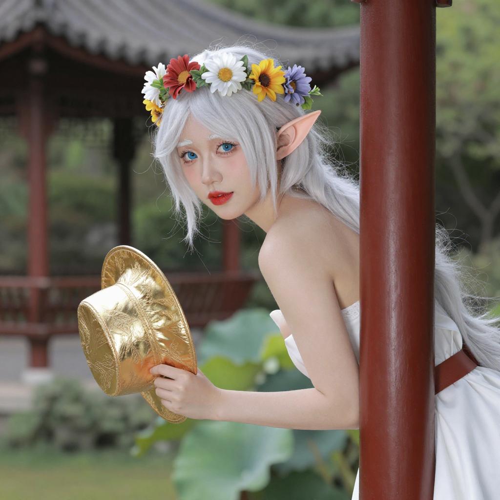 A digital CGI image of a nude, white-haired elf woman with pointed ears, wearing a flower crown, leaning forward over a red pole. She holds a golden hat in her right hand. Her fair skin contrasts with the lush green garden background, which includes a wooden structure with a gray roof. Her red lips and blue eyes are visible as she looks over her shoulder.
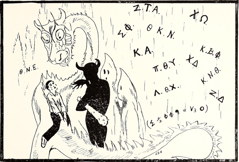 Mathematics is ruled by a lamp genie. From Purdue's 1905 yearbook.
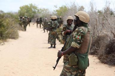 | Keywords: outdoor Burundian soldiers, as part of the African Union Mission in Somalia, patrol around the town of Ragaele in the Middle Shabelle region of Somalia on October 2. The town of Ragaele was liberated from al Shabab militants by the Burundian forces on October 1. AMISOM Photo / Fanah Mohamed Burundian soldiers, as part of the African Union Mission in Somalia, patrol around the town of Ragaele in the Middle Shabelle region of Somalia on October 2. The town of Ragaele was liberated from al Shabab militants by the Burundian forces on October 1. AMISOM Photo / Fanah Mohamed |

YOUR OBJECTIVE
Please return the whole listing exactly. Do not copy its images.

OUTPUT BELOW
 A digital CGI image of a nude, white-haired elf woman with pointed ears, wearing a flower crown, leaning forward over a red pole. She holds a golden hat in her right hand. Her fair skin contrasts with the lush green garden background, which includes a wooden structure with a gray roof. Her red lips and blue eyes are visible as she looks over her shoulder.
 Mathematics is ruled by a lamp genie. From Purdue's 1905 yearbook.
 | Keywords: outdoor Burundian soldiers, as part of the African Union Mission in Somalia, patrol around the town of Ragaele in the Middle Shabelle region of Somalia on October 2. The town of Ragaele was liberated from al Shabab militants by the Burundian forces on October 1. AMISOM Photo / Fanah Mohamed Burundian soldiers, as part of the African Union Mission in Somalia, patrol around the town of Ragaele in the Middle Shabelle region of Somalia on October 2. The town of Ragaele was liberated from al Shabab militants by the Burundian forces on October 1. AMISOM Photo / Fanah Mohamed |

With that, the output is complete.